Stig Rohde Døssing updated STORM-2549:
--------------------------------------
    Component/s: storm-kafka-client

> The fix for STORM-2343 is incomplete, and the spout can still get stuck on failed tuples
> ----------------------------------------------------------------------------------------
>
>                 Key: STORM-2549
>                 URL: https://issues.apache.org/jira/browse/STORM-2549
>             Project: Apache Storm
>          Issue Type: Bug
>          Components: storm-kafka-client
>    Affects Versions: 2.0.0, 1.1.0
>            Reporter: Stig Rohde Døssing
>            Assignee: Stig Rohde Døssing
>          Time Spent: 2h
>  Remaining Estimate: 0h
>
> Example:
> Say maxUncommittedOffsets is 10, maxPollRecords is 5, and the committedOffset is 0.
> The spout will initially emit up to offset 10, because it is allowed to poll until numNonRetriableTuples is >= maxUncommittedOffsets
> The spout will be allowed to emit another 5 tuples if offset 10 fails, so if that happens, offsets 10-14 will get emitted. If offset 1 fails and 2-14 get acked, the spout gets stuck because it will count the "extra tuples" 11-14 in numNonRetriableTuples.
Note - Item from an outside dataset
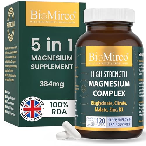 Magnesium Complex Supplement, Magnesium and Zinc, D3 Supplements, Glycinate/Bisglycinate, Malate, Citrate 5 in 1, Muscle & Bone, Energy Support & Sleep Aid, High Strength 100% RDA, UK Made Supplement
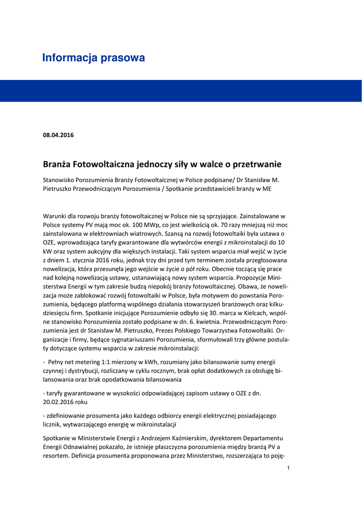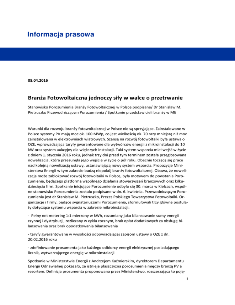 Informacja prasowa 08.04.2016 Branża Fotowoltaiczna jednoczy siły w walce o przetrwanie Stanowisko Porozumienia Branży Fotowoltaicznej w Polsce podpisane/ Dr Stanisław M. Pietruszko Przewodniczącym Porozumienia / Spotkanie przedstawicieli branży w ME Warunki dla rozwoju branży fotowoltaicznej w Polsce nie są sprzyjające. Zainstalowane w Polsce systemy PV mają moc ok. 100 MWp, co jest wielkością ok. 70 razy mniejszą niż moc zainstalowana w elektrowniach wiatrowych. Szansą na rozwój fotowoltaiki była ustawa o OZE, wprowadzająca taryfy gwarantowane dla wytwórców energii z mikroinstalacji do 10 kW oraz system aukcyjny dla większych instalacji. Taki system wsparcia miał wejść w życie z dniem 1. stycznia 2016 roku, jednak trzy dni przed tym terminem została przegłosowana nowelizacja, która przesunęła jego wejście w życie o pół roku. Obecnie toczącą się prace nad kolejną nowelizacją ustawy, ustanawiającą nowy system wsparcia. Propozycje Ministerstwa Energii w tym zakresie budzą niepokój branży fotowoltaicznej. Obawa, że nowelizacja może zablokować rozwój fotowoltaiki w Polsce, była motywem do powstania Porozumienia, będącego platformą wspólnego działania stowarzyszeń branżowych oraz kilkudziesięciu firm. Spotkanie inicjujące Porozumienie odbyło się 30. marca w Kielcach, wspólne stanowisko Porozumienia zostało podpisane w dn. 6. kwietnia. Przewodniczącym Porozumienia jest dr Stanisław M. Pietruszko, Prezes Polskiego Towarzystwa Fotowoltaiki. Organizacje i firmy, będące sygnatariuszami Porozumienia, sformułowali trzy główne postulaty dotyczące systemu wsparcia w zakresie mikroinstalacji: - Pełny net metering 1:1 mierzony w kWh, rozumiany jako bilansowanie sumy energii czynnej i dystrybucji, rozliczany w cyklu rocznym, brak opłat dodatkowych za obsługę bilansowania oraz brak opodatkowania bilansowania - taryfy gwarantowane w wysokości odpowiadającej zapisom ustawy o OZE z dn. 20.02.2016 roku - zdefiniowanie prosumenta jako każdego odbiorcy energii elektrycznej posiadającego licznik, wytwarzającego energię w mikroinstalacji Spotkanie w Ministerstwie Energii z Andrzejem Kaźmierskim, dyrektorem Departamentu Energii Odnawialnej pokazało, że istnieje płaszczyzna porozumienia między branżą PV a resortem. Definicja prosumenta proponowana przez Ministerstwo, rozszerzająca to poję1 Informacja prasowa cie również na wytwórców energii w mikroinstalacji nie będących jej właścicielami, spełnia oczekiwania branży. Również zdefiniowanie przez resort instalacji OZE jako obejmującej co najmniej jedno źródło jest korzystne, gdyż otwiera możliwość stosowania instalacji hybrydowych. Resort jest także zainteresowany sformułowaniem standardów w zakresie odbioru technicznego mikroinstalacji, co jest w pełni zgodne ze zgłaszanymi od dawna postulatami Polskiego Towarzystwa Fotowoltaicznego. Duże rozbieżności istnieją w zakresie systemu wsparcia. Ministerstwo proponuje net metering 1:0,7 dla systemów o mocy do 7 kW, dla systemów od 7 do 14 kW jedynie 1:0,5. W przypadku systemów, które otrzymały wsparcie dotacyjne, ten współczynnik wynosiłby zaledwie 1:0,35. Jest to co prawda net-metering uproszczony, czyli taki, jaki postuluje branża. Problem stanowi jednak wysokość proponowanych przez Ministerstwo współczynników. Przedstawiciele Polskiego Towarzystwa Fotowoltaiki podnieśli kwestię taryf gwarantowanych, wskazując argumenty za ich przywróceniem w kształcie zapisanym w ustawie o OZE z lutego 2015. Wskazali też na zalety instalowania magazynów energii, przytaczając przykłady polskich firm, rozwijających takie rozwiązania. Podkreślali, że fotowoltaika ma szansę stać się polską specjalnością. Istnieją polscy producenci wszystkich kluczowych komponentów instalacji PV. Potrzeba jednak wewnętrznego rynku, aby firmy te mogły się rozwinąć. Barbara Adamska ADM Poland, Polskie Towarzystwo Fotowoltaiki 2

> An similar case is the one where maxPollRecords doesn't divide maxUncommittedOffsets evenly. If it were 3 in the example above, the spout might just immediately emit offsets 1-12. If 2-12 get acked, offset 1 cannot be reemitted.
> The proposed solution is the following:
> * Enforce maxUncommittedOffsets on a per partition basis (i.e. actual limit will be multiplied by the number of partitions) by always allowing poll for retriable tuples that are within maxUncommittedOffsets tuples of the committed offset. Pause any non-retriable partitions if the partition has passed the maxUncommittedOffsets limit, and some other partition is polling for retries while also at the maxUncommittedOffsets limit. 
> Example of this functionality:
> MaxUncommittedOffsets is 100
> MaxPollRecords is 10
> Committed offset for partition 0 and 1 is 0.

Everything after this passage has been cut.